Sat, 2018-Dec-15 00:47 UTC
Length - 3:56
Welcome to featured Wiki of the Day where we read the summary of the featured Wikipedia article every day.
The featured article for Saturday, 15 December 2018 is Nothomyrmecia.
Nothomyrmecia, also known as the dinosaur ant or dawn ant, is a rare genus of ants consisting of a single species, Nothomyrmecia macrops. It lives in South Australia, nesting in old-growth mallee woodland and Eucalyptus woodland. The full distribution of Nothomyrmecia has never been assessed, and it is unknown how widespread it really is; its potential range may be wider if it does favour old-growth mallee woodland. Possible threats to its survival include habitat destruction and climate change. Nothomyrmecia is most active when it is cold because workers encounter fewer competitors and predators such as Camponotus and Iridomyrmex, and it also increases hunting success. Thus, the increase of temperature may prevent them from foraging and very few areas would be suitable for the ant to live in. As a result, the IUCN lists the ant as Critically Endangered.

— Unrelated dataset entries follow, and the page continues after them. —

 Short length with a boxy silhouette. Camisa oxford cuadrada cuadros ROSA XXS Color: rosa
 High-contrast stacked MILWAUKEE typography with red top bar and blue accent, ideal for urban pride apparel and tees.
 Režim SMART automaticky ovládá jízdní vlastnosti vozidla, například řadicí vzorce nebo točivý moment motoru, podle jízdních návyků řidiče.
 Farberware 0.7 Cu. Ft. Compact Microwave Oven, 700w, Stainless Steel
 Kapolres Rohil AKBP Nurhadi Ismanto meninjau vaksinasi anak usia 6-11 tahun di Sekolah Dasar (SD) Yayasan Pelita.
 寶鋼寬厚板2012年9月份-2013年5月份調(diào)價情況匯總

A medium-sized ant, Nothomyrmecia measures 9.7–11 mm (0.38–0.43 in). Workers are monomorphic, showing little morphological differentiation among one another. Mature colonies are very small, with only 50 to 100 individuals in each nest. Workers are strictly nocturnal (active mainly at night) and are solitary foragers, collecting arthropod prey and sweet substances such as honeydew from scale insects and other Hemiptera. They rely on their vision to navigate and there is no evidence to suggest that the species use chemicals to communicate when foraging, but they do use chemical alarm signals. A queen ant will mate with one or more males and, during colony foundation, she will hunt for food until the brood have fully developed. Queens are univoltine (i.e. they produce just one generation of ants each year). Two queens may establish a colony together, but only one will remain once the first generation of workers has been reared.

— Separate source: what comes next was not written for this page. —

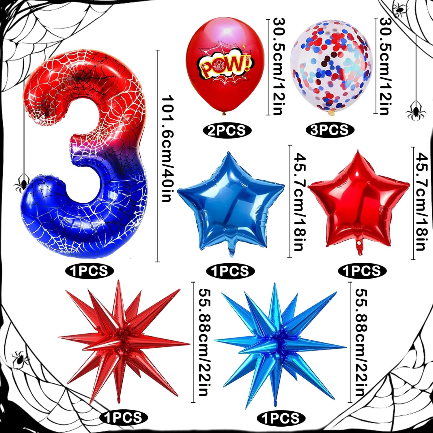 🎈【Contenuto completo】Il set include 1 palloncino a numero, 1 stella rossa da 45 cm, 1 stella blu da 45 cm, 1 stella esplosiva rossa da 55 cm, 1 stella esplosiva blu da 55 cm, 2 palloncini in lattice “POW” da 30 cm e 3 palloncini con coriandoli rosso-blu da 30 cm. La varietà di forme e colori aggiunge profondità alla decorazione e cattura subito l’attenzione degli ospiti. ⭐【Materiali di alta qualità】Realizzati in resistente alluminio e lattice, i palloncini presentano colori vivaci e una brillantezza elegante. Una volta gonfiati, mantengono la forma piena a lungo, senza sgonfiarsi o rompersi facilmente, garantendo un’atmosfera festosa duratura. 💨【Facili da usare】Grazie alla valvola autosigillante, i palloncini si gonfiano facilmente senza bisogno di fare nodi. Con elio fluttuano liberamente per un effetto dinamico, mentre con aria sono perfetti come decorazione da parete, ingresso o tavolo. 🕷️【Tema cartoon accattivante】L’abbinamento del contrasto rosso-blu con elementi cartoon creativi crea un look vivace e originale, ideale per chi ama feste colorate e dall’atmosfera personalizzata. 🎉【Decorazione per ogni occasione】Perfetti per compleanni per bambini, feste, party a tema o eventi a sorpresa, questi palloncini diventano rapidamente il punto focale della festa, creano un’atmosfera allegra e offrono uno sfondo creativo per foto ricordo indimenticabili.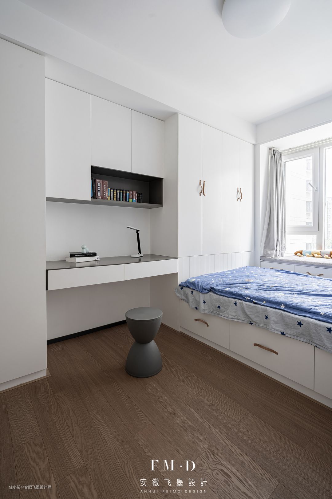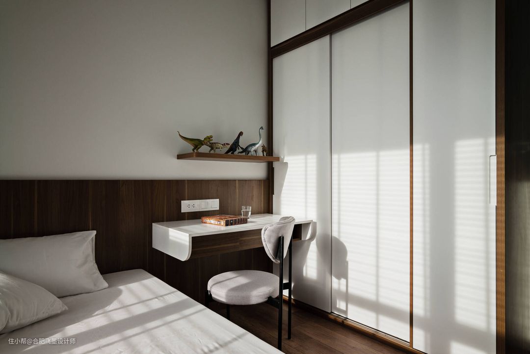 谁规定衣柜只能放在进门的一面墙,你把衣柜挪到床尾,或者房间面积小,试试做成榻榻米连体柜,衣柜放在床头也不错啊,书桌、床、储物空间都有了,对于小户型来说,真的将空间利用发挥到了极致。

Nothomyrmecia was first described by Australian entomologist John S. Clark in 1934 from two specimens of worker ants. These were reportedly collected in 1931 near the Russell Range, inland from Israelite Bay in Western Australia. After its initial discovery, the ant was not seen again for four decades until a group of entomologists rediscovered it in 1977, 1,300 km (810 mi) away from the original reported site. Dubbed as the 'Holy Grail' of myrmecology, the ant was subject to great scientific interest after its rediscovery, attracting scientists from around the world. In Poochera (the rediscovery site), pictures of the ant are stenciled on the streets, and it is perhaps the only town in the world that thrives off ant-based tourism. Some entomologists have suggested a relationship to the Baltic Eocene fossil ant genus Prionomyrmex based on morphological similarities, but this interpretation is not widely accepted by the entomological community. Owing to its body structure, Nothomyrmecia is regarded to be the most primitive ant alive and a 'living fossil', stimulating studies on its morphology, behaviour, ecology, and chromosomes.
This recording reflects the Wikipedia text as of 00:47 UTC on Saturday, 15 December 2018.